--- Material provided ---
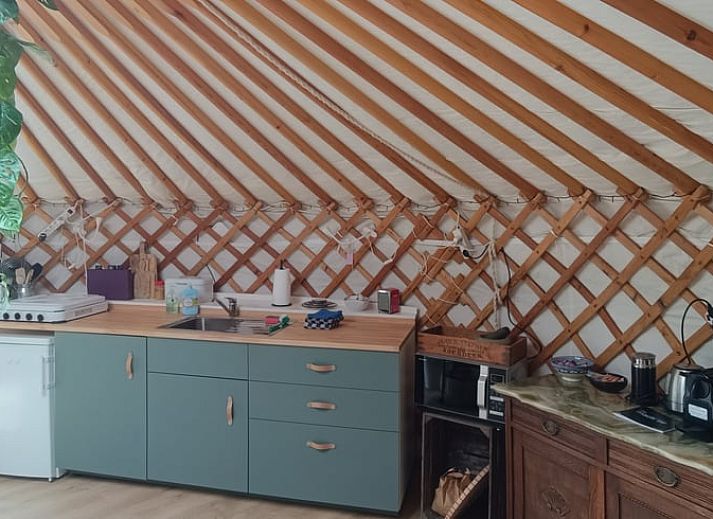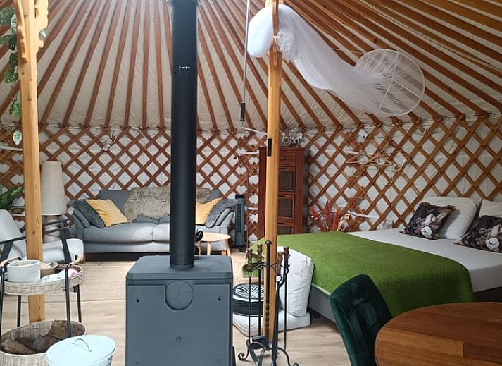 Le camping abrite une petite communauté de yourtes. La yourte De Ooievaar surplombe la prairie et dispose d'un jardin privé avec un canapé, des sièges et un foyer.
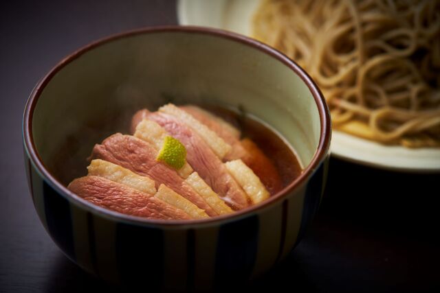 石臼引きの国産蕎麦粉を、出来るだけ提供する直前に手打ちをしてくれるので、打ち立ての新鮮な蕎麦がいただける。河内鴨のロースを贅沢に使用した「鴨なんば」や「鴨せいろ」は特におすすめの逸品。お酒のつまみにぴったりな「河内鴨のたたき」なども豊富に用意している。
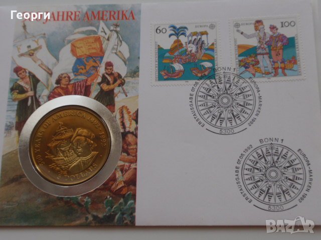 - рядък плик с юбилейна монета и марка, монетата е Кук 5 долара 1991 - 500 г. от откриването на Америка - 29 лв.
---
▶ What to produce:
Retype all the material word for word while skipping any picture it contains.

▶ Answer to this problem:
 Le camping abrite une petite communauté de yourtes. La yourte De Ooievaar surplombe la prairie et dispose d'un jardin privé avec un canapé, des sièges et un foyer.
 石臼引きの国産蕎麦粉を、出来るだけ提供する直前に手打ちをしてくれるので、打ち立ての新鮮な蕎麦がいただける。河内鴨のロースを贅沢に使用した「鴨なんば」や「鴨せいろ」は特におすすめの逸品。お酒のつまみにぴったりな「河内鴨のたたき」なども豊富に用意している。
 - рядък плик с юбилейна монета и марка, монетата е Кук 5 долара 1991 - 500 г. от откриването на Америка - 29 лв.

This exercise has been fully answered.